Since the defendants did not raise any other substantive objections to the order of Bankers confidence and since there was a good arguable claim for such relief (in the context of the notice), the Tribunal was satisfied that the Claimant had a good claim for relief. Bankers confidence and granted the information orders requested by the Claimant.


LMN vs. Bitflyer indicates that, in general, English courts can take a sympathetic view of claimants seeking to recover misappropriated crypto assets, including through the granting of information orders.

It also suggests that courts are taking an increasingly consistent approach to certain issues that arise from such assets. It reaffirms, for example, that cryptocurrencies are a form of property.

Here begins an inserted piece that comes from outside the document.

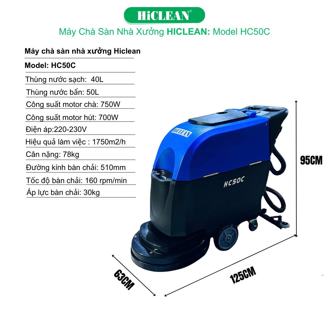 Máy Chà Sàn Liên Hợp HiClean HC 50C - Công Suất Mạnh Mẽ, Làm Sạch Hiệu Quả, Tiết Kiệm Thời Gian
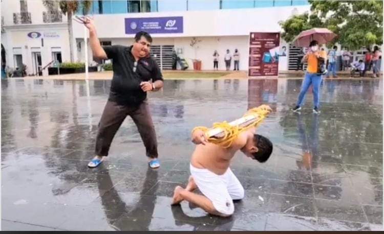 Miguel es un ciudadano de la colonia Gaviotas (Villahermosa) y protestó permitiendo le dieran golpes de tipo látigo en la espalda y cargaba unos palos que simulaban una cruz.

Court powers to award services outside of jurisdiction, including to unknown persons, and orders requiring pre-action disclosure of confidential information by third parties are particularly important tools in a cryptographic context, given the ability of the criminal to going off-chain when transferring assets through an exchange. The confidential nature of the assets in question also means that such exchanges may be one of the only means available to claimants to identify those who committed fraud. For these reasons, we can probably expect to see more use of this powerful remedy in similar cases in the future.

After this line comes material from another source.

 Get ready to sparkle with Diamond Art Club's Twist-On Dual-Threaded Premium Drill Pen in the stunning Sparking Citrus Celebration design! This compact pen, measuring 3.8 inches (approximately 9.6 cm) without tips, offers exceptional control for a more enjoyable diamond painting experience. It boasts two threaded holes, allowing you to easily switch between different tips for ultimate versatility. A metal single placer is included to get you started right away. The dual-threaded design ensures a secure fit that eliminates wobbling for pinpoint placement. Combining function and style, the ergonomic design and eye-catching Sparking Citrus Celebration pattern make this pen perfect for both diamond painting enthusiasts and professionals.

It should be noted that, when determining the location of the crypto assets, the Court considered that the domicile of the owner of the assets was much more important than the location of the servers on which they were technically represented. This is consistent with other recent English case law on crypto assets and may be important in establishing a trend in determining the lex situs of particular assets in future cases.

The Court left open a series of questions, among them:

  • If LMN was correct that cryptocurrency exchanges held assets in their own name (rather than trusts for their clients) and simply had a personal obligation to refund relevant amounts to each client (analogous to bank deposits). This is a question that has much broader implications for practitioners in other contexts, such as insolvency, but the court did not address whether LMN’s position was correct.
  • The basis on which it considered that the defendants were “confounded” in the fraud, for the purposes of Norwich Pharmacal relief (that is, whether this was a consequence of their role as exchanges, as operators of the relevant wallets, or both). This may have implications for the circumstances in which Norwich Pharmacal Y Bankers confidence relief may be available against other entities operating in the cryptocurrency market in the future.

Finally, information orders have historically faced challenges when parties need to request permission to serve out of jurisdiction. However, the decision shows the effectiveness of the new information portal, which was introduced in October 2022, and should make it easier for alleged claimants to obtain orders against parties outside the UK and unknown parties, as is often necessary in cryptocurrency cases.